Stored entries
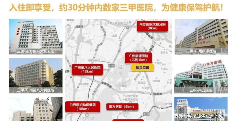 三甲医院友好医院就在家门口。距离项目不到1公里内有一所二级的广州康源医院,8km有三级南方医院太和分院。
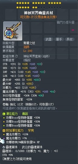 【神秘冥界幽靈長杖】22星 究極卷軸 全%BOSS 傳罕 雙S 卡爾納 冰雷 火毒 主教 烈焰 龍魔
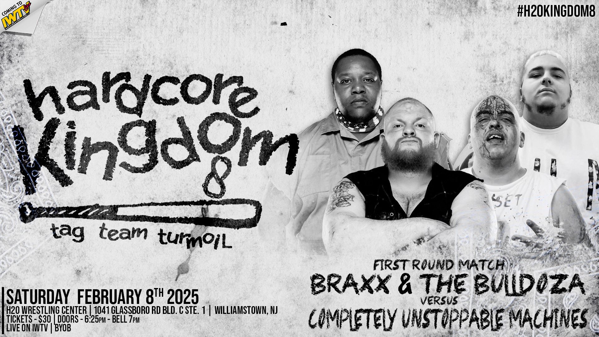 H2O Wrestling 2/8/2025 Hardcore Kingdom 8 results from the H2O Wrestling Center in Williamstown, New Jersey. The event streamed live on IWTV.
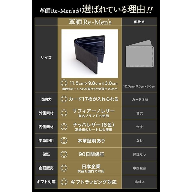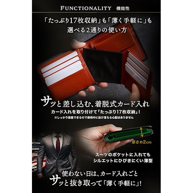 【特色】カード収納が17枚。カードシートは着脱式。/【素材】外革:耐久性・撥水性が高いサフィアーノ(イタリアンレザー)/内革:高級車のシートにも使われるナッパレザー [専門機関による本革鑑定取得済み]
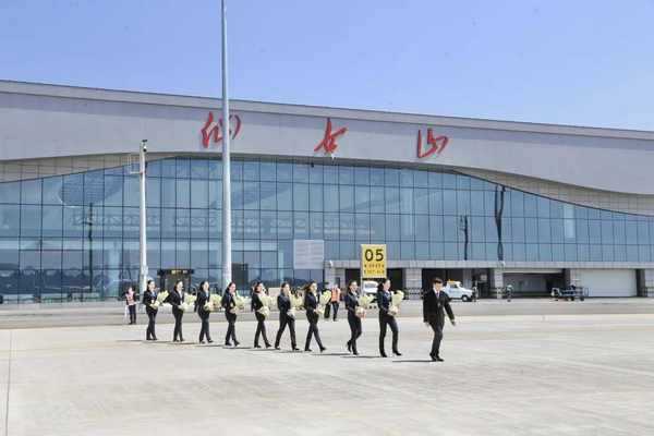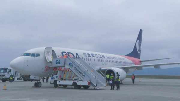 14时37分,从济南起飞,首趟航班平安降落在仙女山机场,航班落地后,所有的设施设备和人员均已就位,安检护卫、地面服务各运行保障工作岗位有条不紊地开展工作。在经过60分钟的检修,加油和乘客上下机后,这趟航班又如约起飞,向着终点站成都飞去。
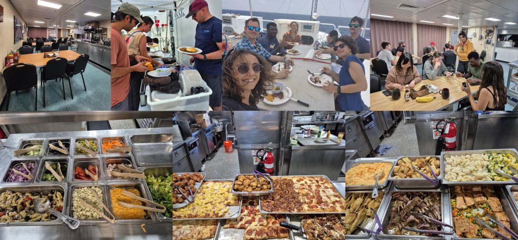 Laboratuvar kurulumundan sonra kendimizi oldukça aç hissediyor ve de müthiş kokuları da takip edip 2. kattaki yemekhanemize çıkıyoruz. Oldukça şanslıyız, menümüz zengin. Salatadan, et ve balık yemeklerine, çeşitli kızartmalara ve de sebze yemeklerine kadar birçok çeşit barındırıyor. Bazı günler tako günü oluyor. Bazı günler ise güvertede mangal yapılıyor. Beni sanırım en mutlu eden pizza ve de peynir günleri oluyor. Bir de her akşam yemeğinden sonra gelen o lezzetli tatlılar… Gemi şartlarında yemekhane insanların en çok sosyalleştiği alanlardan bir tanesi. Aynı zamanda da gemi çalışanları ile kaynaştıkları bir mekan. İnsanların bir yandan yemeklerini yiyip bir yandan da gündelik konuları konuşmaları veya sadece konuşulan konuya dinleyici olmaları bile bu uzun soluklu seferde bir sosyalleşme alanı sağlıyor. Yemekhanenin yemek yenilen bir yer olmasının dışında akşamları insanların oyun oynadığı ve de birlikte vakit geçirdiği bir alana da dönüşüyor. Hele ki bir de atıştırmalık ve de sıcak çay veya kahve varsa!
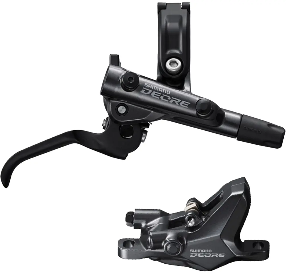 Shimano BR-M6100 Deore Hydraulic Disc Brake Kit Rear Metallic BlackThe Shimano BR-M6100 Deore Hydraulic Disc Brake Kit comes with a Pre-bled system with brake lever, 2-piston brake caliper, and brake hose with a disconnected pre-bled lever. These systems are excellent and quick to install, pre-bled for your convenience and there is a lever to pull when brakes are installed to engage the mechanism. These brakes have a quicker brake engagement with a shorter free stroke for more control. The cockpit is adjustable so you can get the perfect angle for your hand shape. The caliper features lightweight braking performance and reliable stopping power in all conditions. The super lightweight pistons engage quick for excellent control. Uses Shimano Mineral Oil. Uses Metal brake pads w/o Fin. Uses the SM-BH90-SS Brake Hose Kit. Available in front and rear.192790687056

Your assignment.
The data is to be restated word for word, with any pictures set aside.

Result for this task.
 三甲医院友好医院就在家门口。距离项目不到1公里内有一所二级的广州康源医院,8km有三级南方医院太和分院。
 【神秘冥界幽靈長杖】22星 究極卷軸 全%BOSS 傳罕 雙S 卡爾納 冰雷 火毒 主教 烈焰 龍魔
 H2O Wrestling 2/8/2025 Hardcore Kingdom 8 results from the H2O Wrestling Center in Williamstown, New Jersey. The event streamed live on IWTV.
 【特色】カード収納が17枚。カードシートは着脱式。/【素材】外革:耐久性・撥水性が高いサフィアーノ(イタリアンレザー)/内革:高級車のシートにも使われるナッパレザー [専門機関による本革鑑定取得済み]
 14时37分,从济南起飞,首趟航班平安降落在仙女山机场,航班落地后,所有的设施设备和人员均已就位,安检护卫、地面服务各运行保障工作岗位有条不紊地开展工作。在经过60分钟的检修,加油和乘客上下机后,这趟航班又如约起飞,向着终点站成都飞去。
 Laboratuvar kurulumundan sonra kendimizi oldukça aç hissediyor ve de müthiş kokuları da takip edip 2. kattaki yemekhanemize çıkıyoruz. Oldukça şanslıyız, menümüz zengin. Salatadan, et ve balık yemeklerine, çeşitli kızartmalara ve de sebze yemeklerine kadar birçok çeşit barındırıyor. Bazı günler tako günü oluyor. Bazı günler ise güvertede mangal yapılıyor. Beni sanırım en mutlu eden pizza ve de peynir günleri oluyor. Bir de her akşam yemeğinden sonra gelen o lezzetli tatlılar… Gemi şartlarında yemekhane insanların en çok sosyalleştiği alanlardan bir tanesi. Aynı zamanda da gemi çalışanları ile kaynaştıkları bir mekan. İnsanların bir yandan yemeklerini yiyip bir yandan da gündelik konuları konuşmaları veya sadece konuşulan konuya dinleyici olmaları bile bu uzun soluklu seferde bir sosyalleşme alanı sağlıyor. Yemekhanenin yemek yenilen bir yer olmasının dışında akşamları insanların oyun oynadığı ve de birlikte vakit geçirdiği bir alana da dönüşüyor. Hele ki bir de atıştırmalık ve de sıcak çay veya kahve varsa!
 Shimano BR-M6100 Deore Hydraulic Disc Brake Kit Rear Metallic BlackThe Shimano BR-M6100 Deore Hydraulic Disc Brake Kit comes with a Pre-bled system with brake lever, 2-piston brake caliper, and brake hose with a disconnected pre-bled lever. These systems are excellent and quick to install, pre-bled for your convenience and there is a lever to pull when brakes are installed to engage the mechanism. These brakes have a quicker brake engagement with a shorter free stroke for more control. The cockpit is adjustable so you can get the perfect angle for your hand shape. The caliper features lightweight braking performance and reliable stopping power in all conditions. The super lightweight pistons engage quick for excellent control. Uses Shimano Mineral Oil. Uses Metal brake pads w/o Fin. Uses the SM-BH90-SS Brake Hose Kit. Available in front and rear.192790687056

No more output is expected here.